The difference in the films is that I used the 14-year-old Dalai Lama as the Dalai Lama and Harrer as Harrer. In addition, all of the temples, thousands of Buddhist monks and the actual Potala were my backdrops--all without Central Casting or a budget.
My film, made in 1949, is a short documentary made during a trip to Lhasa. The plan, a “Mission: Impossible” initiated by Harrer and my boss, Claire Chennault, was an attempt to fly the Dalai Lama out of China before the communists reached the holy city. The problem was that we had to get to Lhasa, build a light-plane runway, fly in and take the principal parties out of Lhasa without the communists’ knowledge.
Instead of taking the monthlong trip by camel from China to Lhasa, we put a jeep in a C-46 cargo plane along with many drums of gasoline for the aircraft and the jeep.
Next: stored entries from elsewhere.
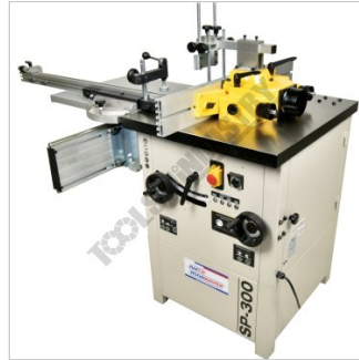
Sliding Table with Mitre Guide and Top Clamp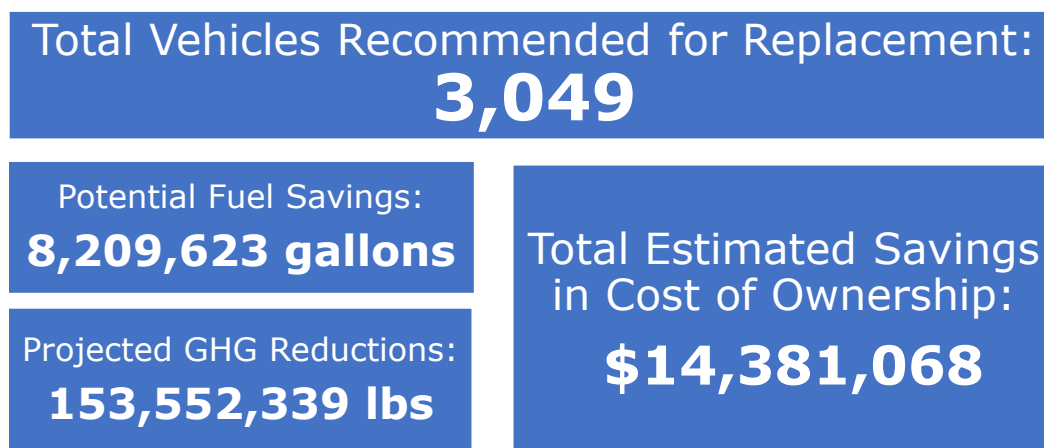
Figure 1. Summary of Sawatch analysis major findings for increasing use of ZEVs in NC's State Motor Fleet.

Sawatch Labs also assessed the potential aggregate charging demand across the state's fleet for all vehicles identified as suitable for an EV replacement, to help the state determine the location of charging infrastructure for optimal utilization. Based on driving data and the assessment of parking locations for potential EV replacements, Sawatch concluded where charging infrastructure would be most beneficial for the fleet and projected peak charging demand.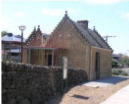
OVERNEWTON GATEHOUSE SOHE 2008

The aircraft was flown to an abandoned Chinese Nationalist Air Force strip at the base of the mountains, and then we drove the jeep, a first, to Lhasa.
The Dalai Lama carved an airport out of his mountaintop city in two weeks, using thousands of laborers. We then attempted to fly-in a Cessna 190, which had a 300-horsepower high-altitude engine, but it was shot down before it reached Tibet and we were told by the communists to stay out of Tibet. The Dalai Lama did not leave Lhasa until 10 years later.
I have shown the film, now enhanced and on tape, to the Dalai Lama, and I would like to show it to director Jean-Jacques Annaud and his star Brad Pitt, and to “Kundun” director Martin Scorsese. They should see the principals and the area that they are trying to duplicate, as 90% of Lhasa’s holy areas have been destroyed by the communists.